Docker networks

Docker has kept its popularity for quite a few years now (without surprise). Its success is based on many things like scalling, microservices and also its network solutions (and many more). In this article I’ll focus solely on docker networks and how they work.

Types of networks – bridge

Bridge is a default network which connects all containers and which has no defined network (–network option in CLI or networks in docker-compose).

Let’s take a look at this simple docker-compose:

version: '3.9'
  services:
    mongo:
      image: mongo
      networks:
       basicBridge:
        aliases:
         - mongoBridge
      ports:
       - "27017:27017"


  networks:
    basicBridge:
      driver: bridge

With this file I will create a container with mongoDB inside, that will expose port 27017 and will use bridge network (or, to be more specific – a virtual network) created with this file. If we inspect our docker networks, we will see:

Ok, the network is created, but how did this affect our iptables?

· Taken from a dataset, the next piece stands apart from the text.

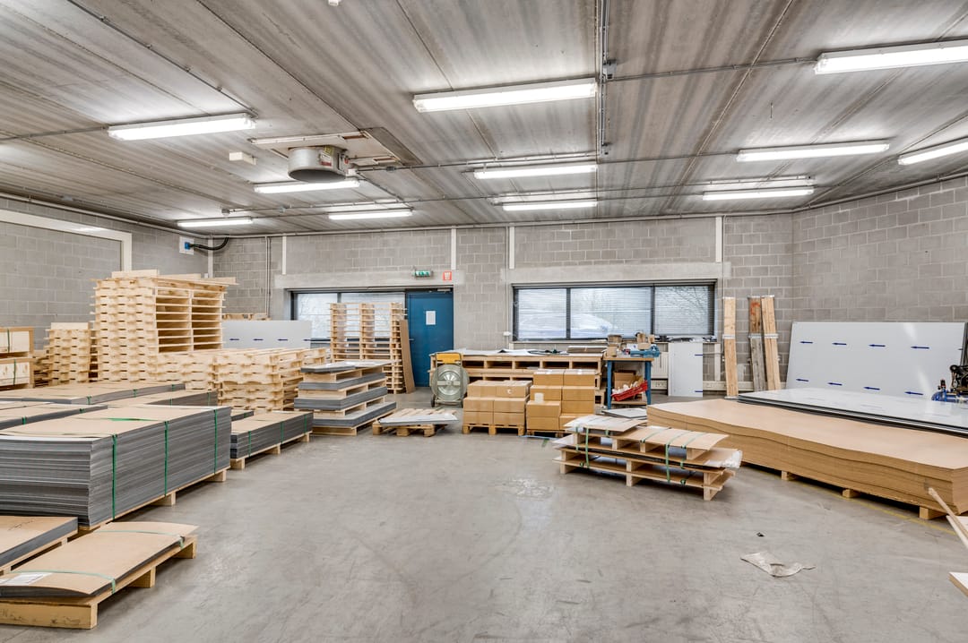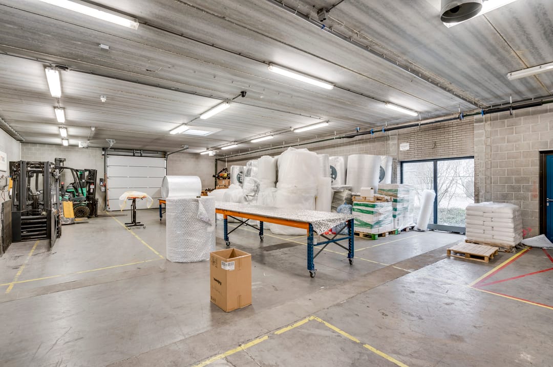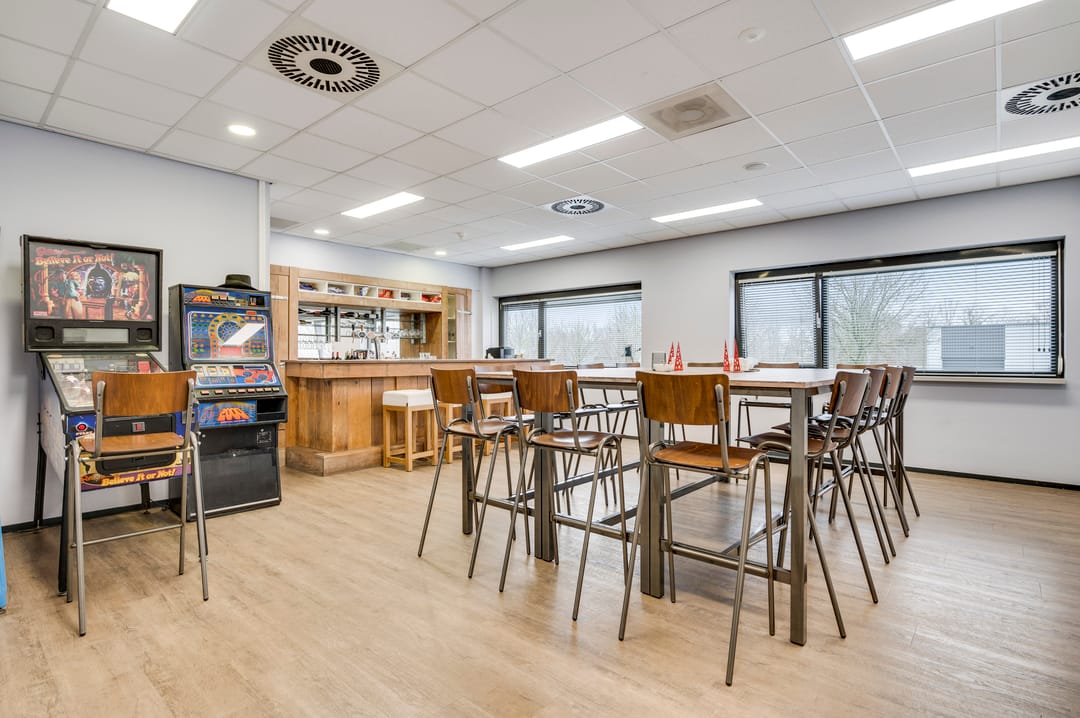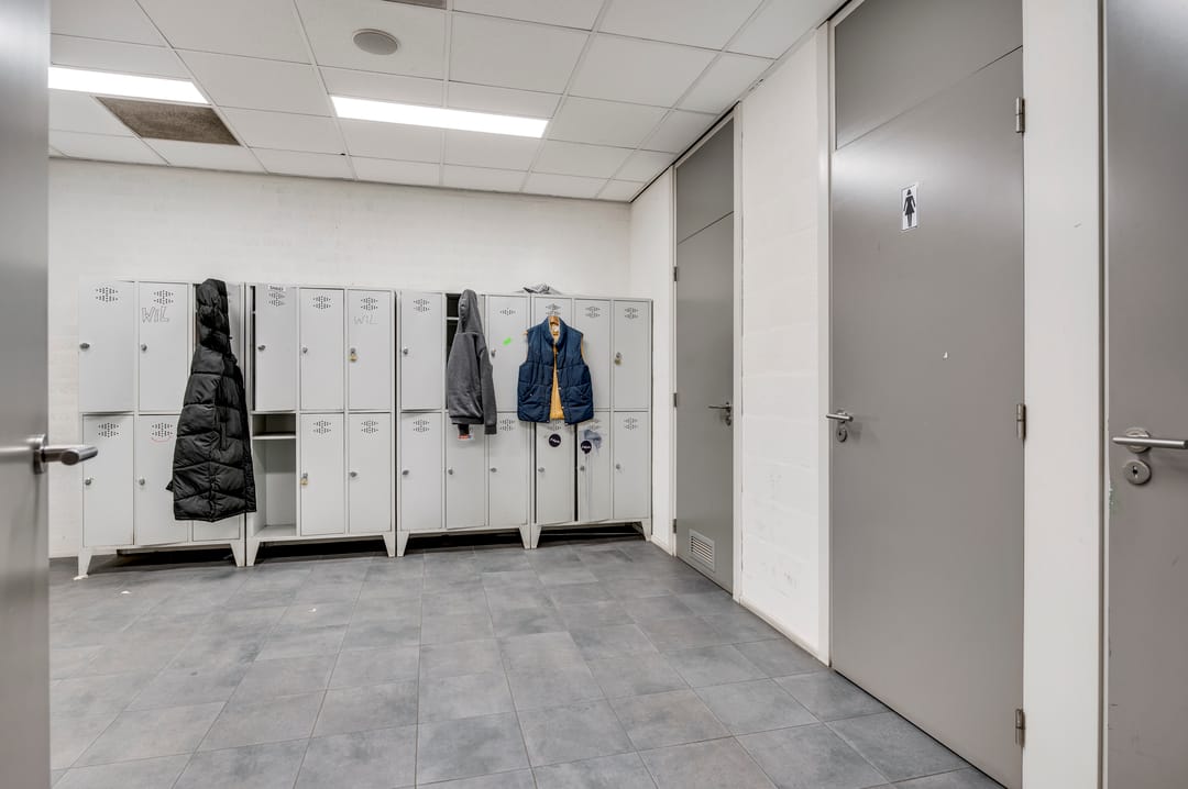 The spacious business area is divided into 3 open spaces, a changing room, a second canteen, and features 5 loading docks of 3 meters high and 3 sectional doors. Ideally, there is a night lock with one loading dock and sectional door. This allows loading and unloading outside opening hours without requiring full access to the entire business space. The changing room has separate ladies' and men's toilet groups and shower facilities. The canteen is equipped with a kitchenette including an oven, microwave, and refrigerator.

user@user-VirtualBox:~/docker$ sudo iptables -S 
-P INPUT ACCEPT
-P FORWARD DROP
-P OUTPUT ACCEPT
-N DOCKER
-N DOCKER-ISOLATION-STAGE-1
-N DOCKER-ISOLATION-STAGE-2
-N DOCKER-USER
-A FORWARD -j DOCKER-USER
-A FORWARD -j DOCKER-ISOLATION-STAGE-1
-A FORWARD -o br-f2d613c3f4ae -m conntrack --ctstate RELATED,ESTABLISHED -j ACCEPT
-A FORWARD -o br-f2d613c3f4ae -j DOCKER
-A FORWARD -i br-f2d613c3f4ae ! -o br-f2d613c3f4ae -j ACCEPT
-A FORWARD -i br-f2d613c3f4ae -o br-f2d613c3f4ae -j ACCEPT
-A FORWARD -o docker0 -m conntrack --ctstate RELATED,ESTABLISHED -j ACCEPT
-A FORWARD -o docker0 -j DOCKER
-A FORWARD -i docker0 ! -o docker0 -j ACCEPT
-A FORWARD -i docker0 -o docker0 -j ACCEPT
-A DOCKER -d 172.20.0.2/32 ! -i br-f2d613c3f4ae -o br-f2d613c3f4ae -p tcp -m tcp --dport 27017 -j ACCEPT
-A DOCKER-ISOLATION-STAGE-1 -i br-f2d613c3f4ae ! -o br-f2d613c3f4ae -j DOCKER-ISOLATION-STAGE-2
-A DOCKER-ISOLATION-STAGE-1 -i docker0 ! -o docker0 -j DOCKER-ISOLATION-STAGE-2
-A DOCKER-ISOLATION-STAGE-1 -j RETURN
-A DOCKER-ISOLATION-STAGE-2 -o br-f2d613c3f4ae -j DROP
-A DOCKER-ISOLATION-STAGE-2 -o docker0 -j DROP
-A DOCKER-ISOLATION-STAGE-2 -j RETURN
-A DOCKER-USER -j RETURN

And if we grep these full iptable rules (I will return to this full iptables rules later)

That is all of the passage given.